Getting native side-channel support for upstream configuration changes is a
recurring topic on the nginx mailing list, but nobody's bitten that one off
yet. When we switched from a complex health monitoring / keepalived / LVS
setup to nginx a few years ago, I was sure we'd want this too. But it turns
out that nginx's simple upstream round-robin works quite well against our PHP
app servers.

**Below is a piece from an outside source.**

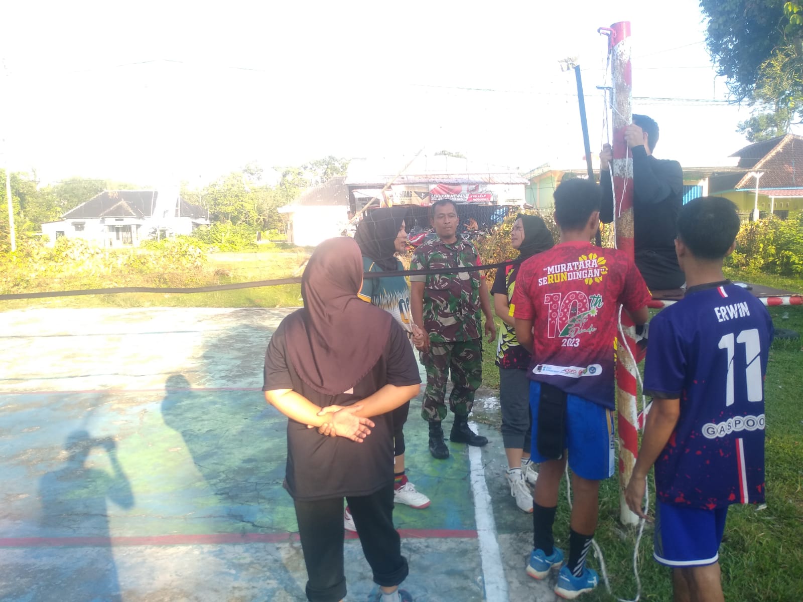 Babinsa Koramil 406-01/rawas ulu koptu ali Kusno , dalam menjalin rasa keakraban serta kebersamaan yang baik dengan warga di salah satu lapangan voli di kel,surulangun kec,rawas ulu, musi rawas utara.

When we want to take one offline, we just gracefully kill its
webserver and nginx fast-fails it and moves on, no interruption to in-process
requests.

------
chrisbolt
I can't reach the site, so the Google cache can be found here:
[http://74.125.155.132/search?q=cache:just-
another.net/2009/1...](http://74.125.155.132/search?q=cache:just-
another.net/2009/10/21/nginxmgr-nginx-upstream-pool-manager/&hl=en&strip=1)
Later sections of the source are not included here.